This is short
and sweet coming in at 66 minutes and having a full supply of gags, songs
and silliness to carry you through. It is Wheeler and Woolsey, a now nearly
forgotten comedy team, along with their mascot Dorothy Lee who appeared in
most of their films and always gave them a shot of energy and adorableness.
This just beat the Code and is classified as a pre-code film and considering
the outfits that the women have to wear that barely cover their naughty bits
and leave the men hoping for a strong wind, I don't know if it would have
been approved in a few months' time. Don't get your hopes up - nothing really
seen but leaving your imagination working overtime.
This is the third film starring this three-some
that I have seen - the others being Hook, Line and Sinker and Half Shot at
Sunrise - and I have to admit I find them fairly amusing. Anything and everything
goes with these guys. Nothing is too idiotic for them - they take some of
their act form the Marx Brothers, some from Laurel and Hardy and probably
a lot from vaudeville where they were for years. Woolsey plays the
cigar smoking con man with the gift for patter and Wheeler is the low-key
one who always gets sucked into Wheeler's plans. Fairly typical of comedy
teams in the old days - one smart and one less so. Then there is Dorothy
playing a different character in all of these with less than a full deck.
She was sort of like that in real life it seems - married six times and each
one fell apart because she could not stay away from show business.
Ruth Etting - a big singing star back then
- begins the film with Keep Romance Alive - on a radio show with oodles of
models in baths or wearing flimsy clothes that you would never allow your
daughter to go out wearing. They look to be cloth toilet seat covers over
their breasts and below the waist. Etting unfortunately disappears after
her number - maybe she realized this was a Wheeler-Woolsey film. The radio
show is sponsored by a fashion and make-up company owned by Thelma Todd.
Thelma was a big comedy star in the silent days and when talkies came along,
she did a series of comedy shorts with Zasu Pitts that were well received.
She is perhaps most famous now though for her mysterious death. She was found
dead in the garage of a friend in 1935 at the age of 29 after a party hosted
by Ida Lupino - called suicide or accident with carbon monoxide but many
people thought it was murder. It is a fascinating story that the press jumped
on with its connections to the mob (Luciano), an ex-lover, his wife, drugs
and other actresses. I am sure I have read a detective novel based
on much of this, but the title won't come to me. Will drive me nuts.

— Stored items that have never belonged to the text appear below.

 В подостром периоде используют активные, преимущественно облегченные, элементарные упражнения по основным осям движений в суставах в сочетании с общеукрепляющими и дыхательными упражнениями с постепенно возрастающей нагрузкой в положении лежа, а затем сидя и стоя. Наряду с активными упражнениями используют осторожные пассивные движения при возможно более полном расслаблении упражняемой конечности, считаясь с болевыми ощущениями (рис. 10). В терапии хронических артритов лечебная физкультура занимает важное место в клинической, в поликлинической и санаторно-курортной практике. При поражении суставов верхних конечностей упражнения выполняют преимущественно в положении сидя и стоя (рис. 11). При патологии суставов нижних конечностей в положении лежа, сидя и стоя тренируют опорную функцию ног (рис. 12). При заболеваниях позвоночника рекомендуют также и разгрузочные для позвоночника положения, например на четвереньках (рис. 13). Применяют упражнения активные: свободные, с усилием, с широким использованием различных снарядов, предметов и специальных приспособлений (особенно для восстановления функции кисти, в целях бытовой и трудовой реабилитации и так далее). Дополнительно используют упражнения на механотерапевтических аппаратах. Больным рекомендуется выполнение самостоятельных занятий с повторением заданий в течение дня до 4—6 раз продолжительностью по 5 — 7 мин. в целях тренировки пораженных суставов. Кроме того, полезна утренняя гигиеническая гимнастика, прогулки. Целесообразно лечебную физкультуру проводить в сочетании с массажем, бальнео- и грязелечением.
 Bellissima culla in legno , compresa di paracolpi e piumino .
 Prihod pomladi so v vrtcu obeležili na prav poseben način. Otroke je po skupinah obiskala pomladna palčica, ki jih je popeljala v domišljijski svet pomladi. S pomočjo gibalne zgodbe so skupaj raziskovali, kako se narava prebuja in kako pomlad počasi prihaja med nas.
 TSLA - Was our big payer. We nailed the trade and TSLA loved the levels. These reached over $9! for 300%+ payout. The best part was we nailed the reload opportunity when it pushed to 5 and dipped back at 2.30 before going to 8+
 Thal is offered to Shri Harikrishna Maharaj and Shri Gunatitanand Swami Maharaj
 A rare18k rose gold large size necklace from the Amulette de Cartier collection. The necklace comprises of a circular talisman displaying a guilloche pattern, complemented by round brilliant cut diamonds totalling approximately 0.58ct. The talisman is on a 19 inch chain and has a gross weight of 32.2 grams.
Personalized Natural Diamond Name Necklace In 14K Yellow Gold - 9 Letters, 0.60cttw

Dorothy is a salesperson of lipstick who
works in the picture window for people walking by, but they all leave to
watch W&W sell flavored lipstick across the street. They con Dorothy
and Thelma into thinking they are big operators - their little con gets funny
when they trick a businessman into leaving his office. "Call him up and tell
him some bad news so he has to go home", "I'll tell him his wife left him",
"That's not bad news". They end up telling him his house is on fire and they
occupy the office when the two women come by. Lots of innuendos and flirtations
but the big play is a wonderful song - Just keep doing what you are doing,
though it is leading me to ruin - and turns into a nutty dance that is delightful.
Later they get a foothold in the company to sell their flavored lipstick
but first they have to test them. They line up six lovely women who put lipstick
on and two of them have to tell the flavor by kissing the girls. The film
is filled with gorgeous women - all supplied by RKO. This is directed by
Mark Sandrich who was to direct another W&W before he moved on to a classier
duo - Astaire and Rogers - directing five of their films.